● **Work item**
An unchanged copy of all the lines below is expected, and it should contain no pictures.

● **Data provided**
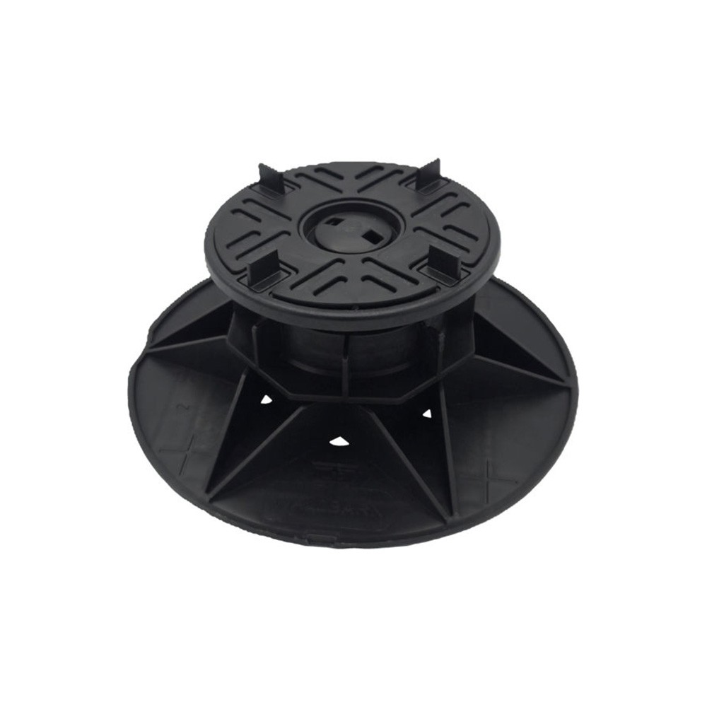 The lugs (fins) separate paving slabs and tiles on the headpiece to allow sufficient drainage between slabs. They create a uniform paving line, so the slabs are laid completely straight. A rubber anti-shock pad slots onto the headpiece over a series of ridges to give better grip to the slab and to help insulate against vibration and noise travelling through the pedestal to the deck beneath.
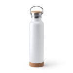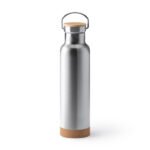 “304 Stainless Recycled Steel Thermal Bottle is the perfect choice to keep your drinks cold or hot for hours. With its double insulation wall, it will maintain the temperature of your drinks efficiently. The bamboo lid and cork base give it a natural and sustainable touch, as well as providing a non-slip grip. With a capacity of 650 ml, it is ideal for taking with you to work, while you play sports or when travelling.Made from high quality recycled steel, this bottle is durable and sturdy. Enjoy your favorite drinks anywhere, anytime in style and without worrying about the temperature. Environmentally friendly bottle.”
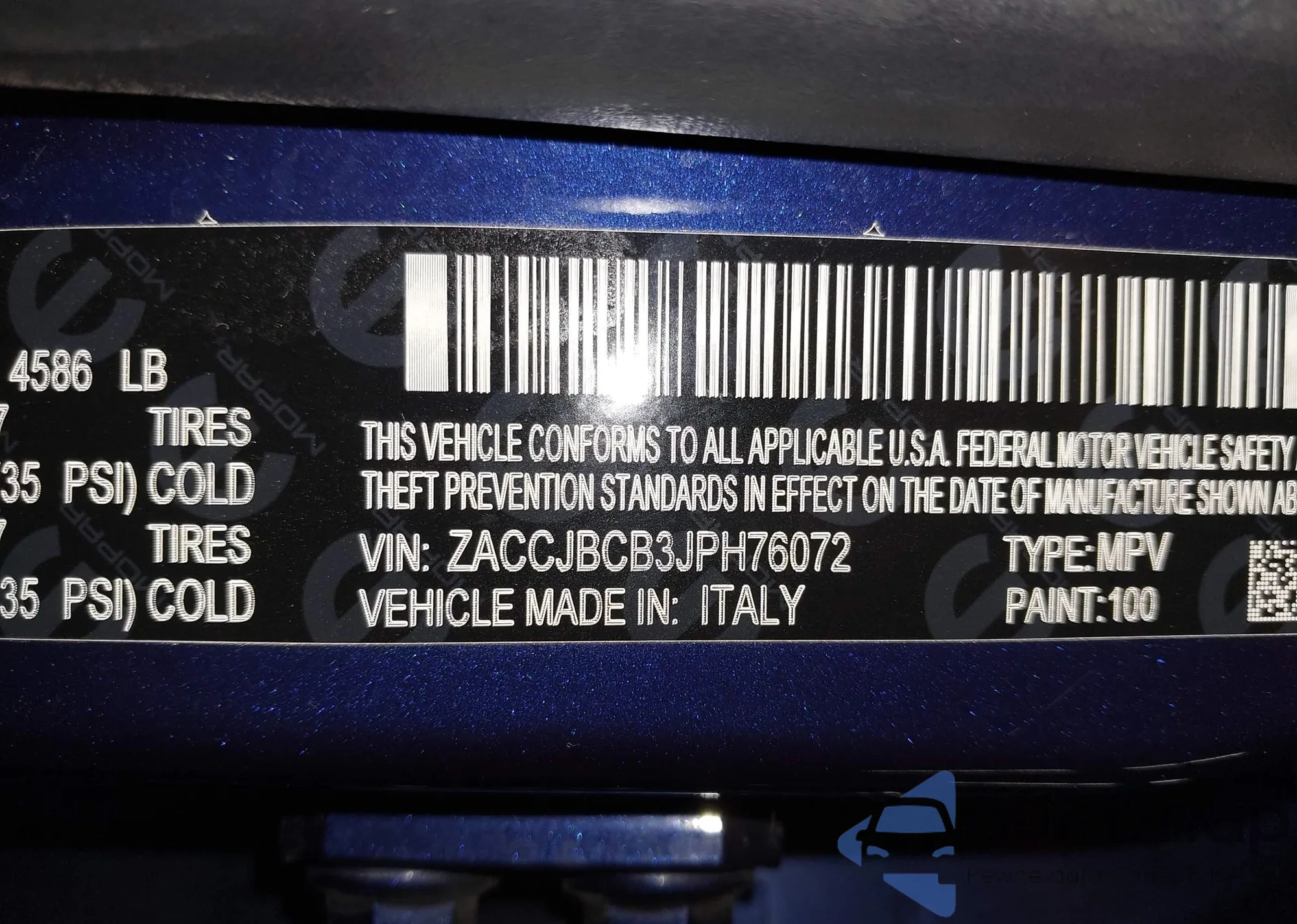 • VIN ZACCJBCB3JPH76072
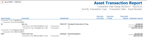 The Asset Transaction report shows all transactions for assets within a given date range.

● **Written solution**
 The lugs (fins) separate paving slabs and tiles on the headpiece to allow sufficient drainage between slabs. They create a uniform paving line, so the slabs are laid completely straight. A rubber anti-shock pad slots onto the headpiece over a series of ridges to give better grip to the slab and to help insulate against vibration and noise travelling through the pedestal to the deck beneath.
 “304 Stainless Recycled Steel Thermal Bottle is the perfect choice to keep your drinks cold or hot for hours. With its double insulation wall, it will maintain the temperature of your drinks efficiently. The bamboo lid and cork base give it a natural and sustainable touch, as well as providing a non-slip grip. With a capacity of 650 ml, it is ideal for taking with you to work, while you play sports or when travelling.Made from high quality recycled steel, this bottle is durable and sturdy. Enjoy your favorite drinks anywhere, anytime in style and without worrying about the temperature. Environmentally friendly bottle.”
 • VIN ZACCJBCB3JPH76072
 The Asset Transaction report shows all transactions for assets within a given date range.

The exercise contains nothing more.